*Aim of the task*.
Begin at the line that holds "Student Luca Riberio’s" and retype every line through the end of the material, both included. Leave out the pictures.

*Data extract*.
____

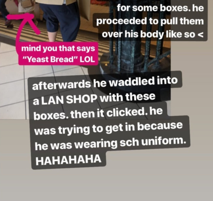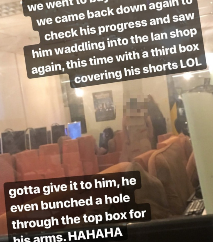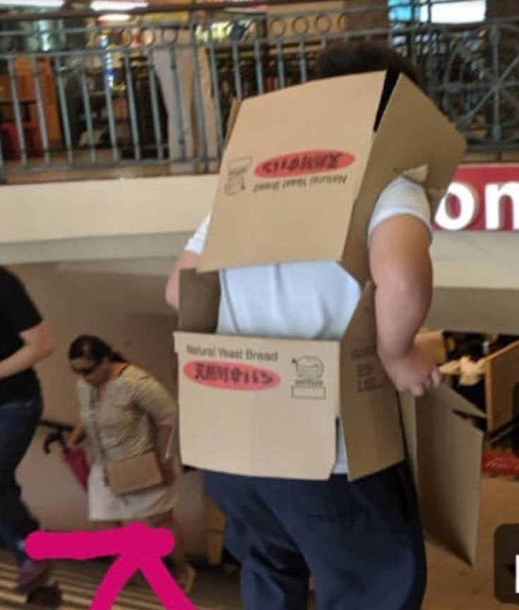 2019年06月07日為了進網咖打遊戲真的是拼了!新加玻一名網友在商場吃午餐的時候,目睹了一名剛放學的男學生「變身紙箱男」一路往網咖的方向走去!由於穿著學生制服是不被允許進入網咖,這名男學生竟然機智想到用紙箱遮蓋制服,表達了他強烈想要進入網咖打遊戲的慾望!
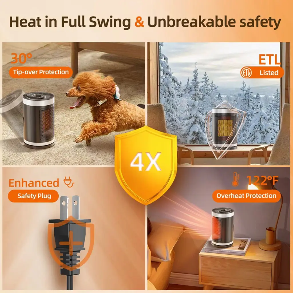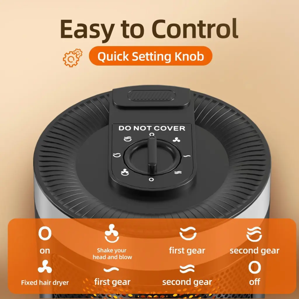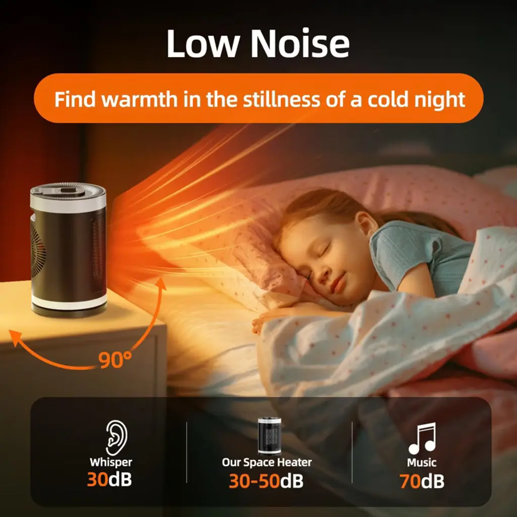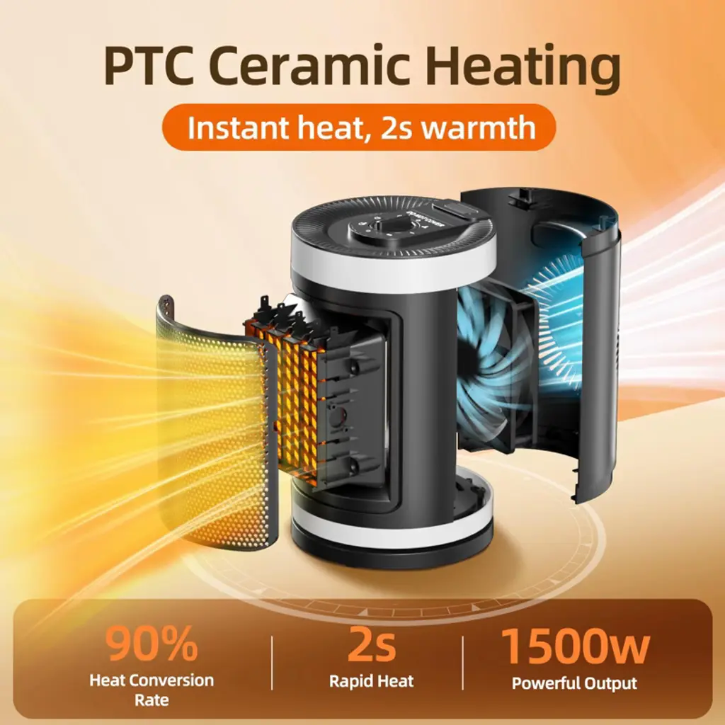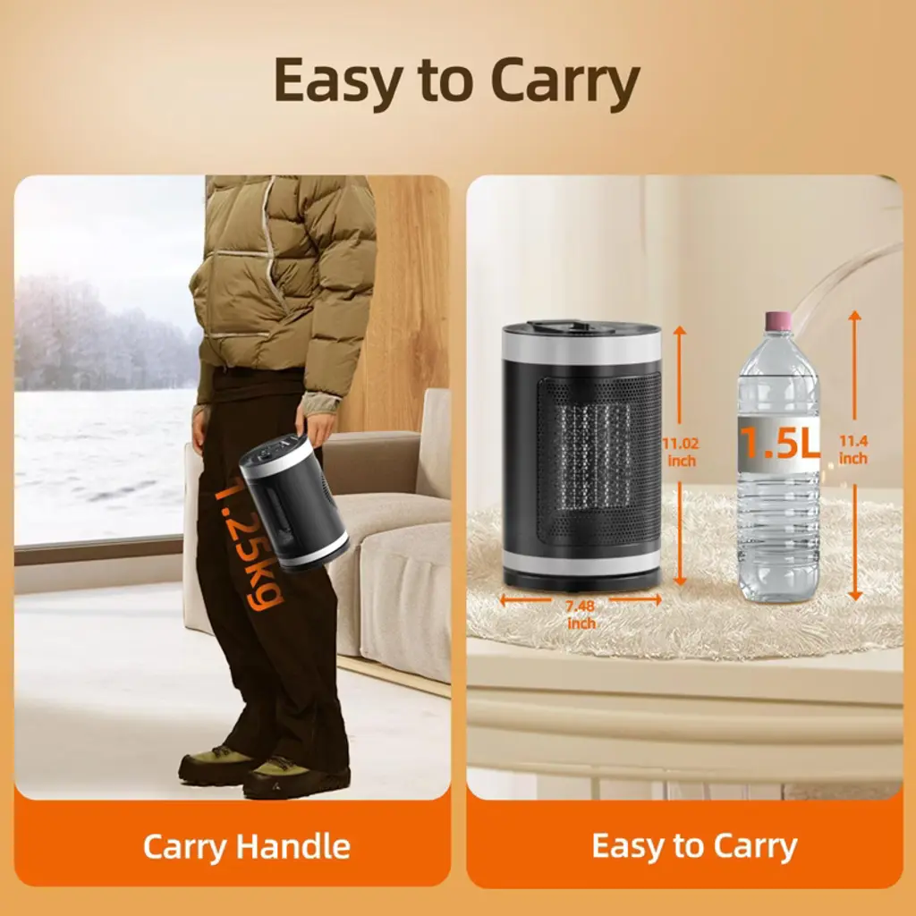 Stay warm and comfortable during chilly days with this 1500W Portable Ceramic Space Heater. Designed with powerful PTC ceramic heating technology, it quickly delivers consistent warmth for small to medium spaces such as bedrooms, offices, and dorm rooms. The simple mechanical control design makes it easy to use—just turn the rotary knobs to adjust between high/low heat or fan-only mode. No remote, no digital display, only straightforward comfort at your fingertips. Safety is always a priority: the heater is equipped with overheat protection and a tip-over switch, which automatically shut off the unit if it overheats or is accidentally knocked over, preventing fire hazards. Unlike noisy fan heaters, this unit operates quietly, making it suitable for work, study, or restful sleep. Its compact and portable design with a built-in carry handle allows you to move it easily from room to room. With reliable performance and a 1-year hassle-free warranty, this portable heater is your perfect winter companion.
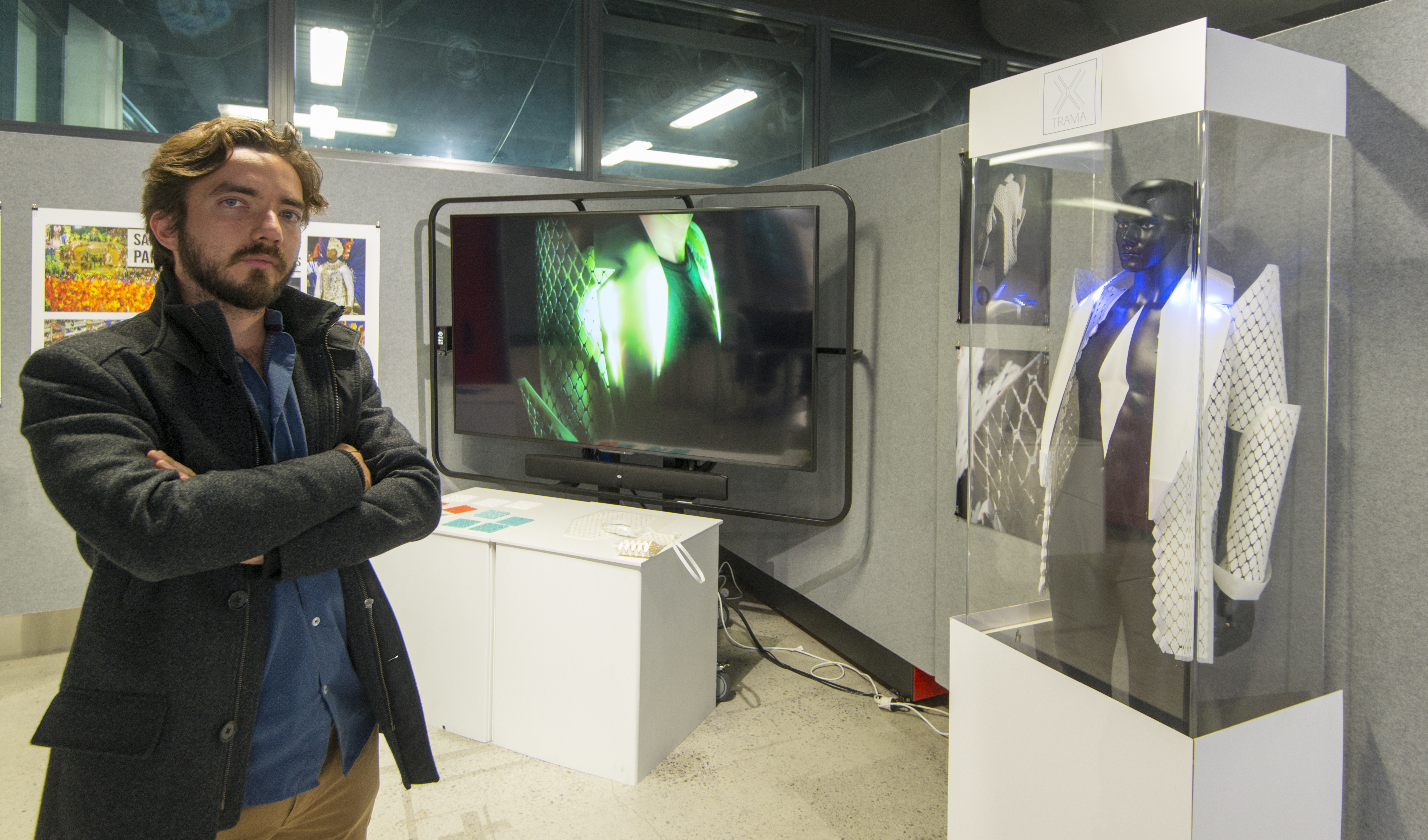 Student Luca Riberio’s work TRAMA is a redesign of a traditional Brazilian Carnaval costume. It uses fashion, industrial, and costume design to explore new garment options that are sustainable and looks at new alternatives to the wasteful production cycles attributed to traditional Carnaval costume production. Luca’s work also uses 3D printing to create a fully recyclable textile that behaves like fabric.
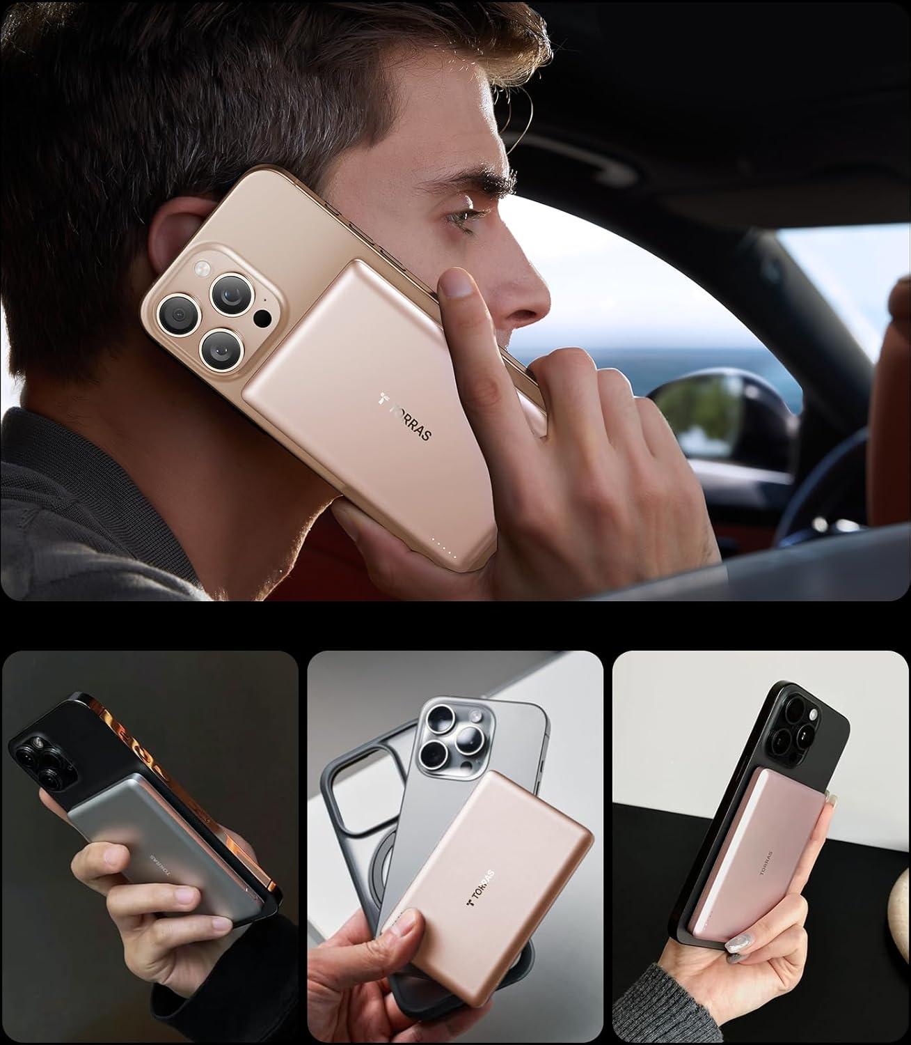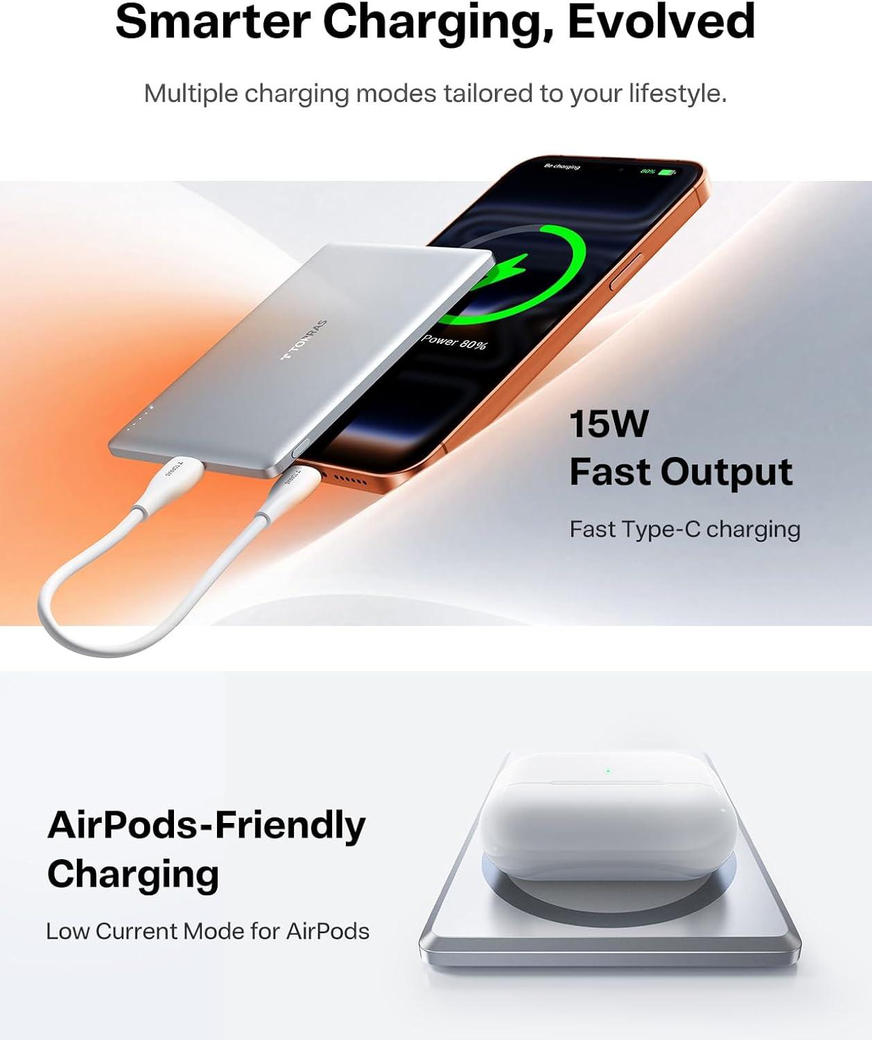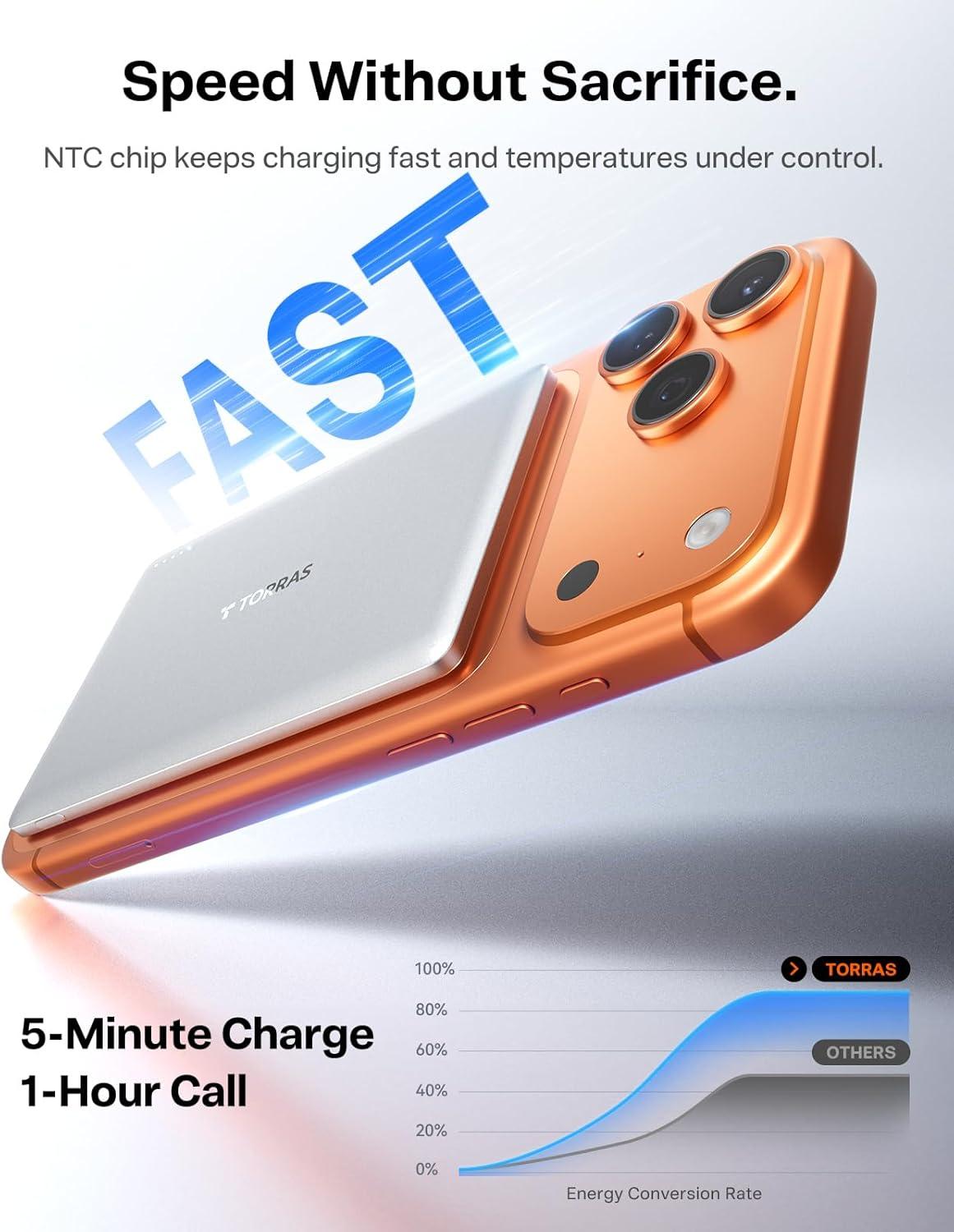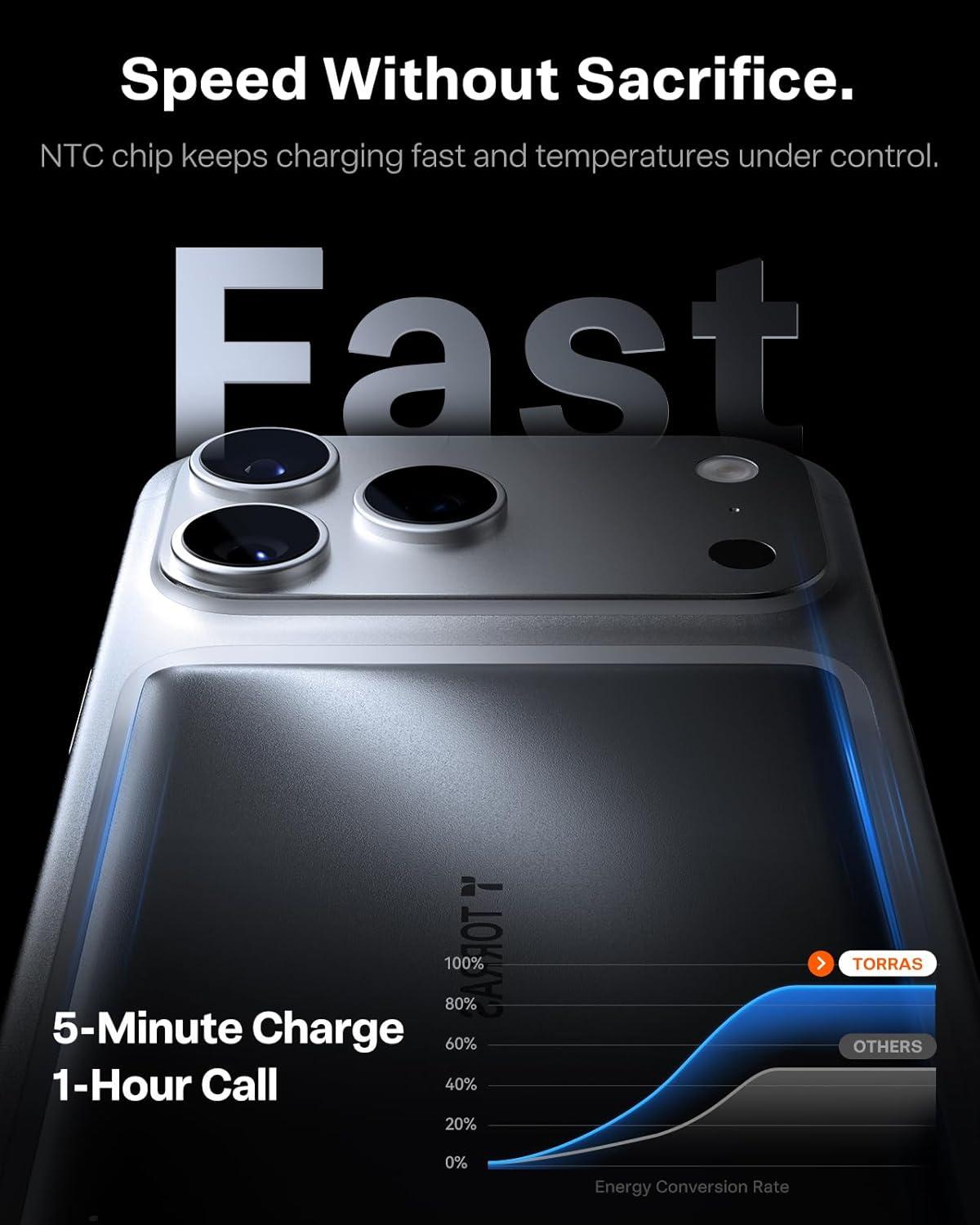 TORRAS 0.3‘’ Ultra Slim for MagSafe Portable Charger, 5,000mAh Magnetic Power Bank for iPhone 17 Air, Wireless Charger Fast Charging with USB-C Cable, Battery Pack for iPhone 17 Pro Max/16/15/14/13/12(Black)

____

*Task result*.
 Student Luca Riberio’s work TRAMA is a redesign of a traditional Brazilian Carnaval costume. It uses fashion, industrial, and costume design to explore new garment options that are sustainable and looks at new alternatives to the wasteful production cycles attributed to traditional Carnaval costume production. Luca’s work also uses 3D printing to create a fully recyclable textile that behaves like fabric.
 TORRAS 0.3‘’ Ultra Slim for MagSafe Portable Charger, 5,000mAh Magnetic Power Bank for iPhone 17 Air, Wireless Charger Fast Charging with USB-C Cable, Battery Pack for iPhone 17 Pro Max/16/15/14/13/12(Black)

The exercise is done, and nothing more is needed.